The Upward Downward Spiral

The Labor Department reported earlier this week that the Consumer Price Index–which attempts to quantify prices of a broad swaths of goods and services in the American economy–increased 0.9 percent in October, resulting a 6.2 percent increase in the CPI since last year. That’s the highest annual increase in the CPI in more than 30 years, since December 1990. And the CPI increase measured in some metropolitan areas was even worse: the Atlanta Journal-Constitution reported, for example, that the CPI increase in that area was 7.9 percent, the highest increase in any city in the country.

It’s pretty clear that inflation is back as an area of significant economic concern. Just hearing that word sends a shudder of dread through those of us who lived through the high inflation period of the ’70s and early ’80s and the belt-tightening days when the Federal Reserve took draconian steps to halt the inflationary spiral and wring the constant price increases out of the economy.

The big question right now is just how persistent the inflationary spiral will be. The Federal Reserve says we’re in the midst of “transitory” price increases, but the most recent CPI data has increased market skepticism of that rosy outlook. The data showed price increases pretty much across the board, and not limited to more volatile areas that can react to temporary shortages, like fuel and food. Even if food and fuel prices are stripped out of the analysis, leaving only “core CPI” to be considered, prices are rising at a 4.6 percent annual clip, which is the highest “core CPI” rate since August 1991.

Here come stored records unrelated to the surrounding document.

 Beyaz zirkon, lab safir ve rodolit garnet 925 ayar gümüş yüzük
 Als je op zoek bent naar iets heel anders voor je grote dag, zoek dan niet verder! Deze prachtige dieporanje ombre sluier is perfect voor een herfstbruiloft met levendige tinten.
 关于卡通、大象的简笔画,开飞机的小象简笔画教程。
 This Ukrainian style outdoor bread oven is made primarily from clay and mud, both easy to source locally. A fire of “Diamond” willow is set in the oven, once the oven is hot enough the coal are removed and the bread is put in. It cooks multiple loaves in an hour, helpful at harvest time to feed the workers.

Even worse, the Labor Department reported that the CPI surge meant that real wages, after inflation, fell 0.5 percent from September to October. That’s a familiar scenario for those of us who lived through the country’s last big inflationary period, in which wage hikes and salary increases never quite seemed to catch up with the CPI. In those days, the upward spiral in prices put many people into a downward spiral in terms of their personal finances and debt situation and really hurt seniors and others living on fixed incomes.

Perhaps the Fed and Treasury officials who reassuringly contend that the inflation spike is temporary will turn out to be right–but what we’ve been reading about “supply chain” seems calculated to feed into more price increases, not less, and shortages that the law of supply and demand dictates will produce higher price tags as we head into the holidays. We need to do something about inflationary pressures and fix the supply chain problems before we find ourselves trapped in another upward-downward spiral.

The Inflation Watch

The U.S. got some economic news yesterday that is designed to unsettle those of us with more than a few years under our belts. The Consumer Price Index rose 5.4 percent in June, year over year, which was higher than analyst expectations. It’s the highest year over year increase since 2008. And while economists expected some inflation—it’s hard to avoid when stimulus checks are being sent to millions and government spending has exploded—the magnitude of the increase shown by the June data was greater than the forecasts.

Inflation data can be broken down in many ways, because of course prices for all goods and services don’t rise at uniform rates. Some observers noted that the “core” inflation rate, which strips out more volatile food and energy costs, was 4.5 percent—the highest increase since November 1991. Others argue that the rates are being driven by increases in some sectors, like in the cost of used cars, that seem to be reflecting a short-term imbalance of supply and demand that will work itself out. And still others note that the energy sector, and the skyrocketing cost of fuel, will have a ripple effect that can be expected to drive further increases in other areas, like food and many consumer goods, where transportation costs are factored in to prices. Nobody quite knows what might be coming next month, or later this year.

If, like me, you lived through the ‘70s, news about growing inflation is like fingernails on a chalkboard. An inflationary cycle means your paychecks buy less, because pay increases never quite catch up to prices, and it means the money that you’ve carefully saved and invested is worth less—a result that punishes prudent and responsible behavior. Retirees and people on fixed incomes get crushed and find that their nest egg has become a lot smaller than they thought.

And we veterans of the ‘70s and early ‘80s also remember that the cure for inflation—high interest rates and tight monetary policy that consciously stifles economic growth and produces high unemployment rates—is no treat, either.

Economists will be watching to see if this price spike is transitory, or is the first sign that we are on the road to a bad long-term inflationary period. I’ll be watching, too, and hoping that our economy isn’t cycling back to the ‘70s mode.